For $\pi$ generic, we expect the rank of $A(\pi)$ to be $n$ or close to $n$. At the same time, the rank of $A(\pi)$ can be $0$: it is $0$ if (and only if) $\pi$ is the reflection $\pi(k) = n+1-k$.

What sort of upper bound can one give on the number of permutations $\pi$ such that the rank of $A(\pi)$ is small (say, at most $\delta n$, where $0<\delta<1$)?

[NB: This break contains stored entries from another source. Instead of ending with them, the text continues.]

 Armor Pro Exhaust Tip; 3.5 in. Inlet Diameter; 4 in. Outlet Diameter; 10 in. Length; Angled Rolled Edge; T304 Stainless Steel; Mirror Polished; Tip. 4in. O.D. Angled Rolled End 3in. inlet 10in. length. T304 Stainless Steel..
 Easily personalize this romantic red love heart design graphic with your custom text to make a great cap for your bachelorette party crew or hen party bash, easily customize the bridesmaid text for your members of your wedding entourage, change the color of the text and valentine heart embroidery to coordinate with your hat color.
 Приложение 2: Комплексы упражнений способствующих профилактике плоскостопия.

(b) More generally (in a way), we may consider words $w$ of length $2n$ containing exactly one instance each of $x_i$ and $x_i^{-1}$ for each $1\leq i\leq n$. Define an $n$-by-$n$ matrix $A=A(w)$ as follows: $A_{i,j}=s$ if exactly one power $x_j^s$, $s=\pm 1$, appears between $x_i$ and $x_i^{-1}$ (or $A_{i,j}=-s$ for $x_j^s$ appearing between $x_i^{-1}$ and $x_i$, if they are in that order); $A_{i,j}=0$ otherwise.

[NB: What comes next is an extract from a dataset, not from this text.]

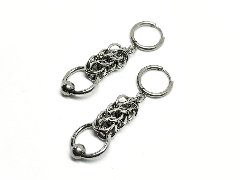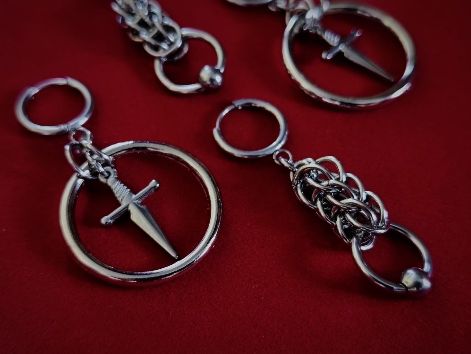 Kolczyki chainmaille, kolczyki z łańcuszkiem, kolczyki długie, kolczyki stal chirurgiczna, kolczyki gothic, kolczyki punk, kolczyki vampire, kolczyki witchy, kolczyki alternatywne, kolczyki hipoalergiczne, kolczyki wiszące długie, kolczyki z sztyletem, kolczyki na koncert, kolczyki festiwalowe, biżuteria kolczugowa

The number of words $w$ such that the rank of $A(w)$ is $0$ is relatively small (roughly $8^n$): the rank of $A(w)$ can be $0$ only if $w$ reduces to the trivial word. (Here "relatively small" means "small compared to $n!$.)

What sort of upper bound can one give on the number of words $w$ of the kind we are considering such that the rank of $A(w)$ is small (say, at most $\delta n$, where $0<\delta<1$)?

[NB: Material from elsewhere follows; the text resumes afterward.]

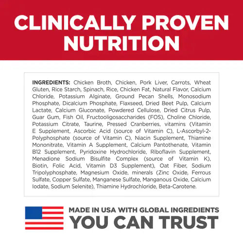 Chicken Broth, Chicken, Pork Liver, Carrots, Wheat Gluten, Rice Starch, Spinach, Rice, Chicken Fat, Natural Flavor, Calcium Chloride, Potassium Alginate, Ground Pecan Shells, Monosodium Phosphate, Dicalcium Phosphate, Flaxseed, Dried Beet Pulp, Calcium Lactate, Calcium Gluconate, Powdered Cellulose, Dried Citrus Pulp, Guar Gum, Fish Oil, Fructooligosaccharides (FOS), Choline Chloride, Potassium Citrate, Taurine, Pressed Cranberries, vitamins (Vitamin E Supplement, Ascorbic Acid (source of Vitamin C), L-Ascorbyl-2-Polyphosphate (source of Vitamin C), Niacin Supplement, Thiamine Mononitrate, Vitamin A Supplement, Calcium Pantothenate, Vitamin B12 Supplement, Pyridoxine Hydrochloride, Riboflavin Supplement, Menadione Sodium Bisulfite Complex (source of Vitamin K), Biotin, Folic Acid, Vitamin D3 Supplement), Oat Fiber, Sodium Tripolyphosphate, Magnesium Oxide, minerals (Zinc Oxide, Ferrous Sulfate, Copper Sulfate, Manganese Sulfate, Manganous Oxide, Calcium Iodate, Sodium Selenite), Thiamine Hydrochloride, Beta-Carotene.

Remark: in both parts of the question, $A$ is an antisymmetric matrix, and its determinant is thus the square of a Pfaffian. It is also clear that $A$ can be seen as the adjacency matrix of an oriented graph. However, the orientation is not Pfaffian, so $A$ can be singular even if there is a perfect matching. Incidentally, $A$, being antisymmetric, is of rank at least $r$ iff it has a principal r-by-r minor. That corresponds to take a subword by ignoring some of the letters.

td;lr Some headway on (b) ought to be possible.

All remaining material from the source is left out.